The essential requirements are:

* there must be a mapping M from xs:double values D to xs:decimal values C such that op:same-key(C, M(D)) holds.
* this implies that for every xs:double value D there must be exactly one xs:decimal value C such that op:same-key(C, D) holds
* this should also have the property that (C eq M(D)).
* two different xs:double values must map to different xs:decimal values: if (D1 != D2) then M(D1) != M(D2).
* it's highly desirable that in simple cases, e.g. where D is a whole number, the chosen C should be mathematically equal, e.g. op:same-key(1, 1.0e0) should hold.

(And the same, of course, for xs:float)

The requirement in the spec that C must in all cases be the exact representation of the mathematical value of D is arguably stronger than is needed.

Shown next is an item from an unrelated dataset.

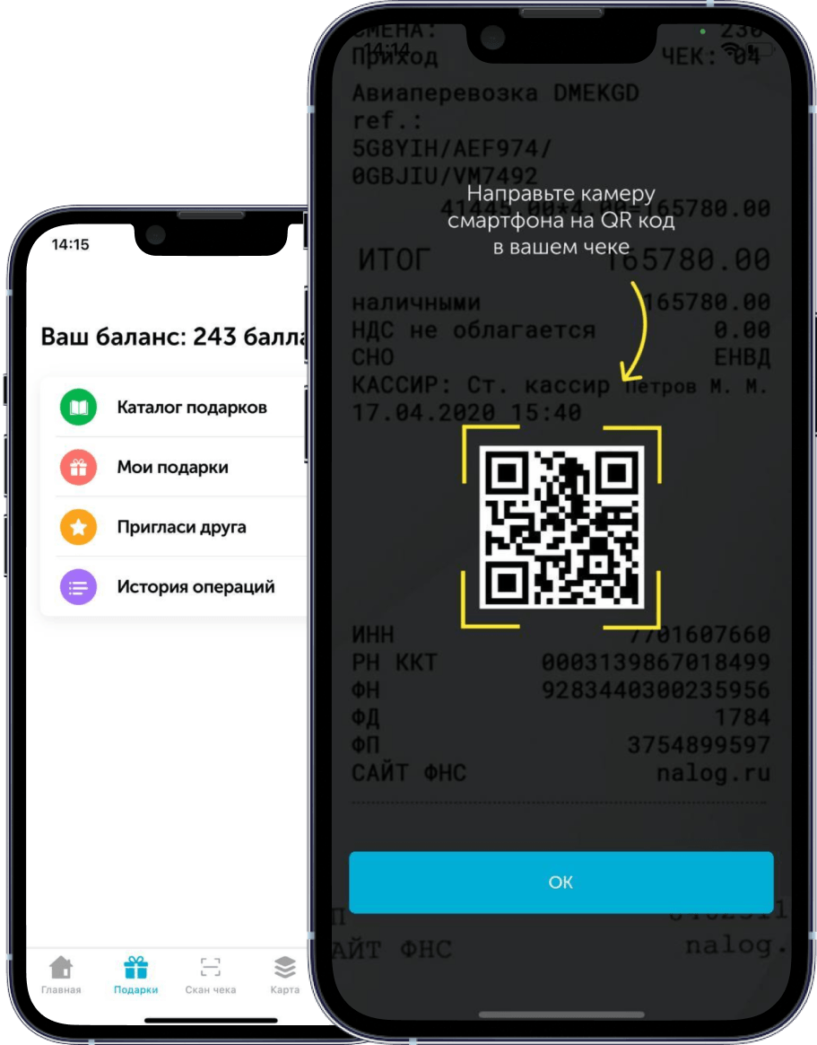 В мобильном приложении также реализован сканер, который позволяет пользователю сканировать QR-код с чека магазина.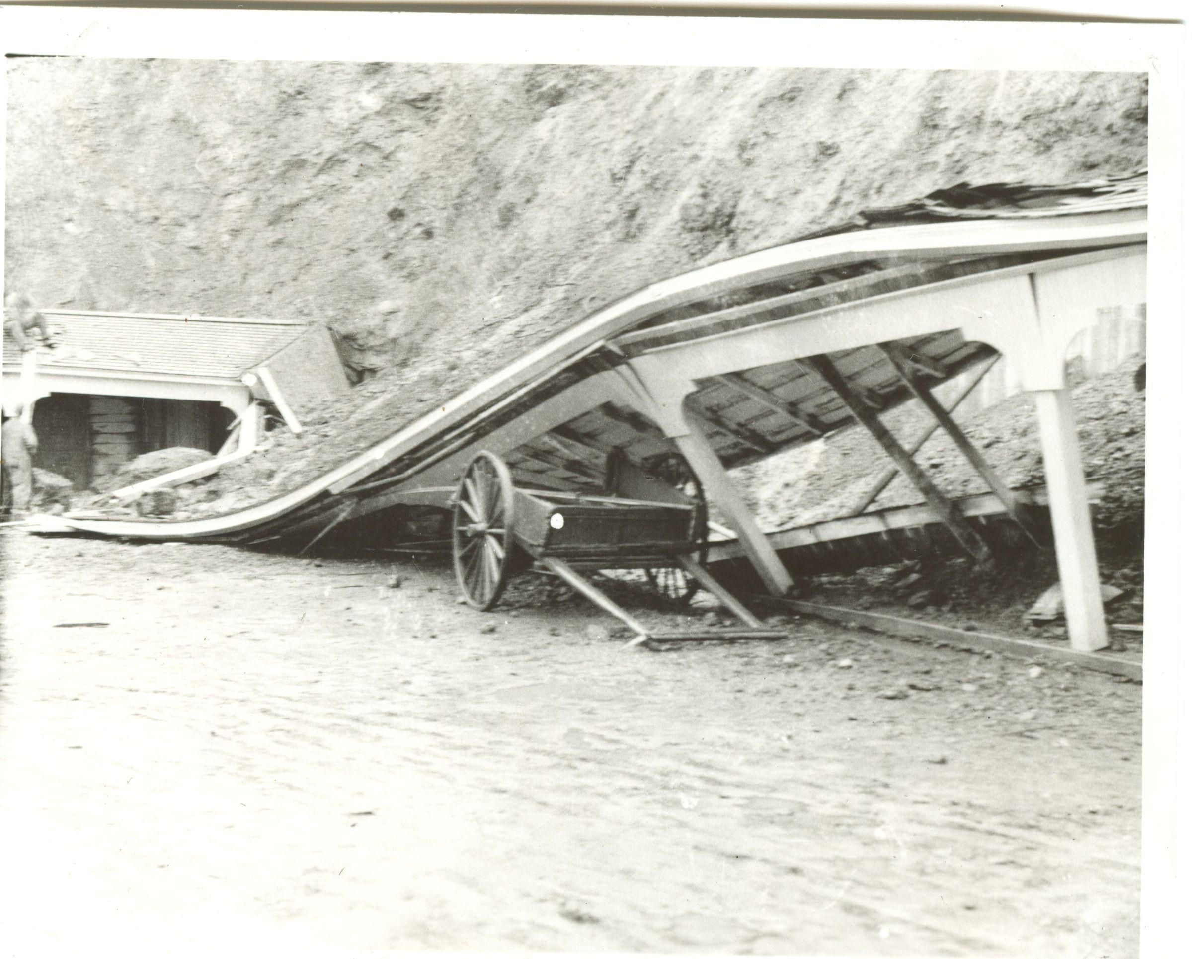 In the early morning of December 24, 1932, heavy rain started a landslide which demolished over half the recently erected cloister adjoining the novices' wing. The cloister was finished by the novices and juniors after they spent over two years removing several hundred tons of earth. The December downpour also washed away 150 feet of the road to the Della Stroda shrine. NVC051Collection

Here's an attempt to define a less stringent formulation:

(a) Let S be the theoretical infinite value space S of xs:decimal, and T be the implementation-defined subset of this value space supported by an implementation. Let D be the value space of xs:double, and F be the value space of F.

(b) Let K be the set of distinct tokens used to represent numeric key values. This is a subset of the union of the value spaces of xs:double and xs:decimal; the subset excludes xs:double values that are mathematically equal to some xs:decimal value in T. Two numeric values are the same key if they map to the same value in K: call the mapping function M.

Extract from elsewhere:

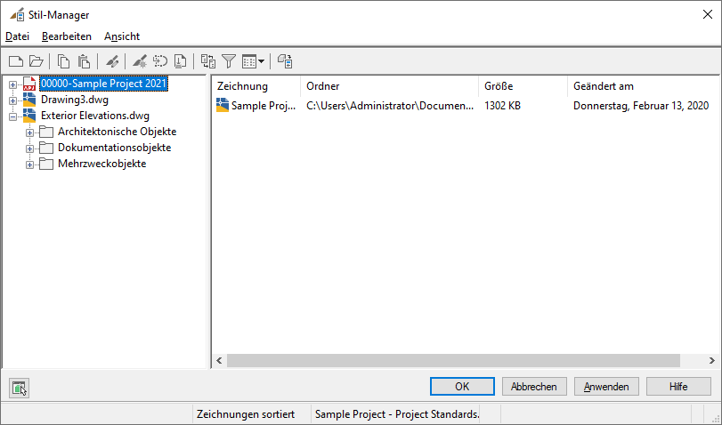 Gehen Sie wie folgt vor, um die Sortierweise von Stilen im Stil-Manager zu ändern. Vorgabemäßig werden die Namen von offenen Zeichnungen und Vorlagen in der Strukturansicht im linken Fensterbereich angezeigt. Wenn Sie in der Baumstruktur eine Zeichnung erweitern, werden die einzelnen Stile in der Zeichnung in drei Kategorien angezeigt: Architekturobjekte, Dokumentationsobjekte und Mehrzweckobjekte. Wenn Sie diese Kategorien erweitern, werden die einzelnen Stile in alphabetischer Reihenfolge der Stiltypen aufgeführt.

(c) For an xs:float value f, M(f) is M(xs:double(f)).

(d) For an xs:decimal value d, M(d) is d.

(e) For an xs:double value u:

(e1) if there is an xs:decimal value d in T such that u is mathematically equal to T, then M(u) is d.

(e2) otherwise, M(u) is u. 

The way that this works is, if there's no xs:decimal in T precisely equal to an xs:double, then we don't need to convert the xs:double to an xs:decimal, because it will never match any xs:decimal in T.

Now, the interesting thing is, I think the observable results of this algorithm are identical to the algorithm that we currently have in the spec; in other words this algorithm is a conformant implementation of what we have in the spec. But it doesn't require conversion of doubles to infinite-precision decimals; all it requires is the ability to determine whether a given xs:double is exactly representable in the implementation-defined subset of xs:decimal.

That invites the question, is there an efficient way to determine whether, given a mantissa m and exponent e, there is some pair of integers (i, k) such that m*2^e equals i/10^k? I leave that question to the reader.

Michael Kay
Saxonica

Received on Wednesday, 8 June 2016 10:07:14 UTC